There was a smell of manure in the air, faint but distinct. Some distance above him he saw a tractor looking the size of a toy crossing the brow of Cold Hill, too far away to hear its engine. He stared around at the fields, then at the front facade of the house, still scarcely able to believe that they now lived here; this was their home, this was where, maybe, hopefully, they could actually settle, and spend the rest of their lives. Their forever home.

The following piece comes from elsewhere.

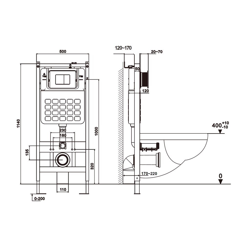 Комплектация: Унитаз — 1 шт., сиденье для унитаза — 1 шт., инсталляция — 1 шт., кнопка смыва — 1 шт.

He pulled out his phone and took a series of photographs in all directions. He looked at the columned, covered porch, with its balustrading above, at the two sets of windows on either side of it, then up at the rows of windows on the two floors above, still struggling to orientate himself.

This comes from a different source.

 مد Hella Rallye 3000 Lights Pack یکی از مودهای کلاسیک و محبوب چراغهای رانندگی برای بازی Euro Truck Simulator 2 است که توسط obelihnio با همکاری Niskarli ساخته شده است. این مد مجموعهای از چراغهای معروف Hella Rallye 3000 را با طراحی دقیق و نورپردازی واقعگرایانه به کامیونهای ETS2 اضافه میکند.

To the left of the front entrance was a WC, then the door to the library. To the right was the drawing room. Further along to the left there was another toilet, before the long hallway opened out into the atrium. To the left of the atrium was the huge dining room. All these rooms had high, stuccoed ceilings. Through the atrium door to the right was the kitchen and, beyond that, the downstairs part of the extension; a pantry and scullery from which the stairs ran down to the cellar with its vaulted brick ceiling. Part of the cellar housed a long-disused kitchen with a range that had not been lit in decades, once the domain of the live-in household staff. The other end of the cellar contained dusty wine racks. One day, when their finances allowed, they would stock all those racks with wine, another of their shared passions.

He’d checked out all the rooms, briefly and excitedly, on Friday, as they were moving in. God, he loved this place! He’d taken photographs of each room. Many were in a terrible state of repair and they’d have to stay that way for a long while yet. It didn’t matter; for now all they needed was to get the kitchen, drawing room and dining room straight, and one of the spare bedrooms. Their own bedroom, which had ancient red flock wallpaper, and Jade’s, were in a reasonable condition – some work had been done on them before the developers had gone bust and also before they’d moved in. The priority at the moment was the rot, the electricity and the ropy plumbing.